Sorry to hear that you are having a tough time having to care for both parents who been ill for a while. Coming to your mom's ER visits, from the CT scan findings, there is mention of periventricvular white matter changes due to microvascular disease and scattered chronic lacunar infarcts are seen in basal ganglia and external capsules bilaterally. These refer to mini strokes in the past which might have gone unnoticed.

Further, as the CT scan could not be conclusive regarding an underlying acute infarct, a follow up MRI scan was done. As per MRI report there are cystic changes noted to choroid plexus in trigone region of lateral ventricles -very small foci of cystic encephalomalacia within the basal ganglia and thalami are identified -moderately extensive, patchy and confluent foci of abnormal T2 signal are spread around the periventricular white matter of both cerebral hemispheres, and also noted within the midbrain and pons. This also does not pin point to any acute cerebrovascular event.

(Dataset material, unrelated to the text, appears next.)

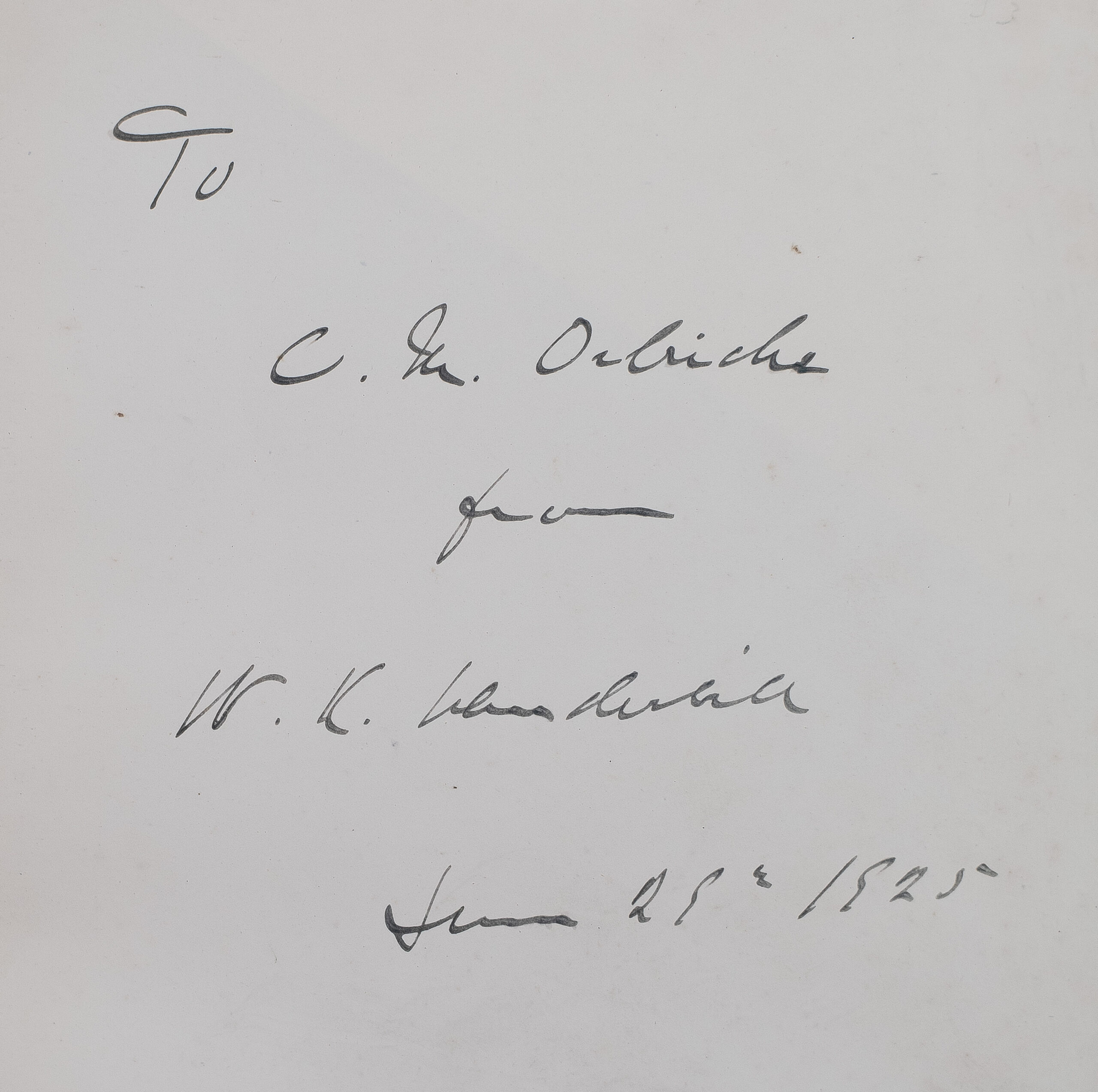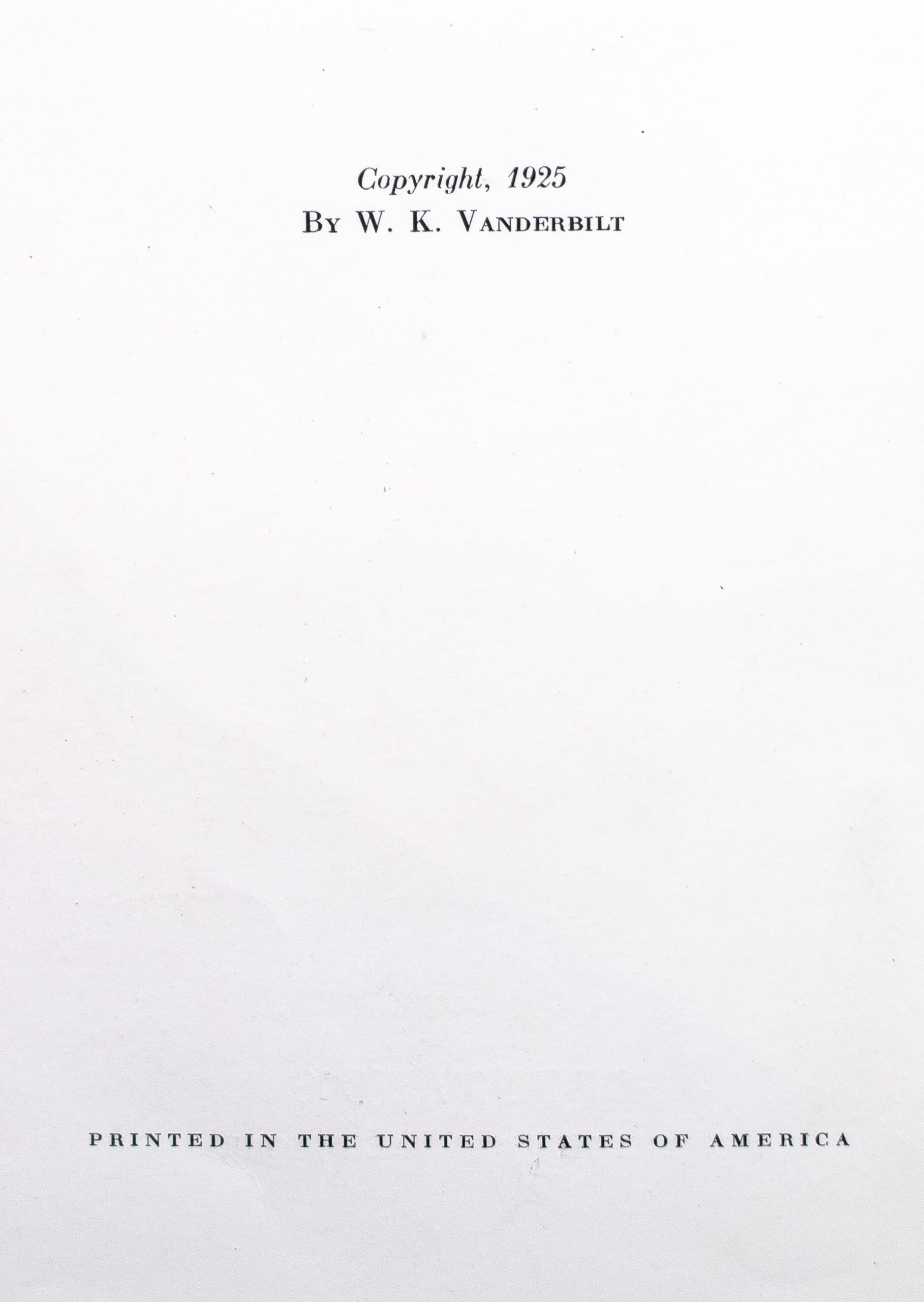 First edition of Vanderbilt's account of his 1924 three-month summer cruise aboard the diesel yacht Ara. Octavo, original publisher's cloth, illustrated with plates and maps. Presentation copy, inscribed by the author on the front free endpaper in the year of publication, "To C. M. ... from W. K. Vanderbilt June 26th 1925." In very good condition. Uncommon signed and inscribed.
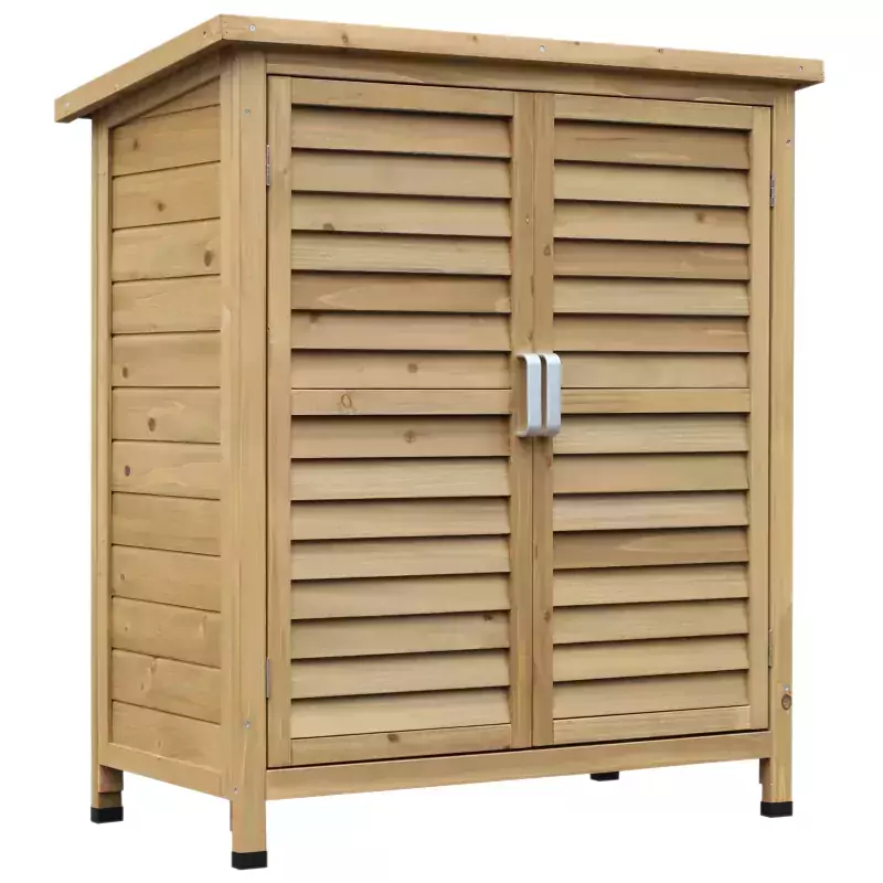 Crafted from solid fir wood with a top coat, this garden storage utility is resistant to stains, water, corrosion and mildew to ensure long term use against everyday wear and tear. Inside os the vertical storage shed are two spacious and sturdy shelves with shutter style doors that provide enough ventilation when closed. On the shed top sits a tilted roof with a felt top to stop any water build-up. This outdoor shed is the perfect storage compartment for your gardening tools, outerwear and shoes and more.

Your suspicion on possibility of Vascular Dementia needs imaging and clinical coreelation. One of the most useful tests in the evaluation of Vascular Dementia is magnetic resonance imaging (MRI). The MRI is very sensitive to changes in the brain caused by stroke. The principal findings in Vascular Dementia are lacunar infarcts (small, spherical strokes in the deep parts of the brain) and abnormal findings in the cerebral white matter. This is the region where axons (the long part of a nerve cell) travel. It is called the "white matter" because the fatty insulation on the axons makes it look white in real life. These changes can be seen in many people who appear to have no cognitive complaints, however, studies have shown that as the total volume of these changes increases, cognitive difficulties are more likely.

Clinically Vascular Dementia needs to be differentiated from Alzheimer's Disease. A Psychiatry consultation and work up will help you further.